The second was a long research paper about the shadow of the supermassive black hole recently photographed, and how they were able to do it using many different telescopes across Earth. The scientists had to piece together the full picture from each source, and go through extensive data processing and analyzing. I was impressed by how much work went into taking this picture that I did not know about beforehand.
Next, Regner gave me a worksheet to calculate the radius of the event horizon and the mass of several black holes. Another part of this was to determine when spaghettification happens (which is a lot less fun than it sounds) for a human on or before the event horizon. I calculated these things many times before coming to my final answers, which took a while. In the end, I had a sheet of information that showed the dimensions of each black hole. It was quite gratifying seeing all the work turn into something more tangible in the end, and I got an idea of the long process that astronomers take to calculate and understand things.
Today I met with Angela Santos. She is a scientist at SSI who analyzes star data from the Kepler mission and a database. The work she does relates to asteroseismology, and she also studies the rotation of stars. Angela had me read a portion of the Theory of Stellar Oscillations. Then, I was given a set of star data, and I plugged this data into a coding system that allowed me to determine the properties of the star, like the frequencies and power.
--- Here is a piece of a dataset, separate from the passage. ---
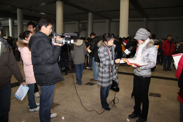 2月3日,永利官网2009年专业招生考试现场报名工作在舜耕国际会展中心进行。此次专业招生工作得到了社会各界的广泛关注,社会媒体纷纷予以采访报道,各大网站也纷纷进行转载报道。山东教育电视台、济南电视台、济南人民广播电台、民生直通车、潍坊电视台、大众日报、齐鲁晚报、山东商报、济南日报、济南时报、都市女报等驻济媒体对永利官网招生报名工作进行了现场采访。

This data was then used to compute what the radius and mass of these stars are. This was a rough calculation, and the codes are much more specific when finding the values professionally. This was the first time I had worked with coding, and although it was very simple (I used python), there was a learning curve. After this, I read an article about helioseismology and the different ways that the properties of the sun can be found.
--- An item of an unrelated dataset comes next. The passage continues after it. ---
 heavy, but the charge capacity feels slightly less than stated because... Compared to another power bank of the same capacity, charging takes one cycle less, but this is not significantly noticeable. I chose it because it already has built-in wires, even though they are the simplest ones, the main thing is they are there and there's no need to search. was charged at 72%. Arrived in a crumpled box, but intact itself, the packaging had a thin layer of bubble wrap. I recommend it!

Today was my last day with a scientist. The person I talked with today was Sachin Shenoy. His current daily work involves taking data from SOFIA; an airborne observatory that captures data in infrared, and fixing the data to show the most accurate picture. The official name for this is ‘data pipeline calibration’. Once this data is finalized, Sachin puts it into an archive where other scientists can use it to do their own research. Another part of his work is to compare the data that he has to the data of previous research. This has many uses, one of them being finding outliers in the initial data to understand the errors of the instrument or the methods. Sachin is a great example of someone who fought the odds to be working in astronomy and is appreciative of his position and the work that it took to get him here. I have a lot of respect for that. His work holds a very important part overall because it allows the rest of the world to discover and research clear, refined data.